The high-ranking UBS broker clears its record with the support of its former company

July 29, 2021

A top New Jersey broker in UBS Wealth Management USA’s Private Wealth Management unit has cleaned up its client complaint file, thanks in part to unusual support from his former firm.

On July 26, a panel of three arbitrators recommended that the financial industry regulator remove the only red mark affecting Red Bank’s BrokerCheck record, New Jersey broker Ira Allen Walker.
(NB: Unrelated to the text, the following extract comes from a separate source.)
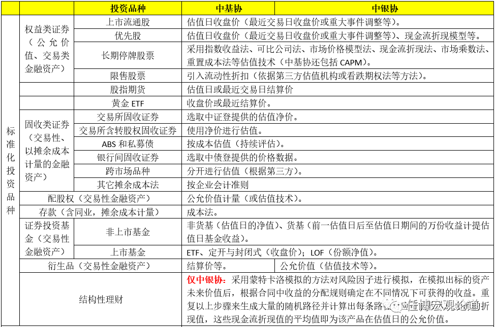 二、中基協(xié)與中銀協(xié)關(guān)于資管投資品種估值標(biāo)準(zhǔn)的對(duì)比

The ruling followed Morgan Stanley attorneys, who stated that the client complaint in the underlying case was unfounded and that the law firm had come to an agreement to avoid substantial legal fees, according to the ruling and a description on Walker’s BrokerCheck. (The disclosure will remain in place until Walker upholds the award in court.)

Support is rare as firms have little incentive to support a former broker, and is all the more notable since Walker left Morgan Stanley in 2008, said Jennifer Farrar, a Tomball, Texas attorney who regularly represents brokers, said the removals Looking for.

“Securing the testimony of Morgan Stanley’s attorney is unique,” said Farrar. “Kudos to the agent for hiring a great attorney putting together a strong deletion case.”

The panel eventually agreed to the deletion on the grounds that Walker was “not involved in the alleged violation of investment-related sales practices”.

Walker, a 45-year-old industry veteran ranked by Forbes as a top consultant in New Jersey this year and ninth in its national rankings last year, didn’t respond to a request for comment.

According to Forbes, the broker appears to have an influential practice with client assets under management of $ 974 million and a minimum of $ 5 million for new accounts.

His attorney, David E. Robbins, a partner in New York merchants Gildin & Robbins, did not respond to a request for comment on the story. Nor did a Morgan Stanley spokesman and his attorneys for the Finra hearing, William D. Briendel, a shareholder, and Joseph A. Sack, counsel at Greenberg Sad in White Plains, New York, fail.

Walker was not named in the customer’s complaint, both after Walker BrokerCheck’s comment and after the Finra panel’s award.

The customer complaint dates back to 2007 and related to allegations that Morgan Stanley overcharged them by allocating some trades on commission accounts rather than a wrap fee program that would have been cheaper.

The clients, Stephen and Aldred Papetti, had claimed $ 8 million in damages, according to Walker’s BrokerCheck record. Morgan Stanley reached a deal with the client for $ 245,000 in 2019, the records say. Also Max Folkenflik, a partner of Folkenflik & McGerity from New York, who represented the customers, did not respond to a request for comment.

Walker has “contradicted every agreement with these customers who have not complained to me or my employees about anything,” he writes in his comment. Walker and two of his assistants testified at the Finra hearing that the complaining customers told them “approx. “Contacted several times a day for 10 years” but “never complained,” he adds in the comment.

The complaining clients neither took part in the Finra hearing nor raised objections to the deletion, according to the Finra decision. In May 2021, both sides submitted a settlement agreement and at the same time submitted the request for cancellation, according to the arbitration award.

The umpires – Julian F. Santos and Fred Pieroni as public representatives and Andrea Horowitz as non-public member – recommended the deletion based on the testimony and documents provided by Walker, they wrote.

The events underlying the complaint occurred 12 to 18 years ago, and clients who “never complained” during the deal in question moved their accounts to UBS when Walker left Morgan Stanley, the arbitrators wrote. Morgan Stanley sent monthly bills to clients, their accountant and their attorney, the arbitrators added.

“Mr. Walker and other witnesses testified that the Claimants would call and come to the office daily often in the office, sometimes placing unsolicited orders for which they were authorized just outside of the managed account that was the company rule. Unsolicited Transactions could not take place within the managed account. All testified that the The plaintiffs were well aware of these differences, ”wrote the arbitrators.

The arbitrators charged Morgan Stanley half the cost of hearing sessions of $ 6,450 and held the complaining clients responsible for the remainder.

A UBS spokesman did not want to comment on this story.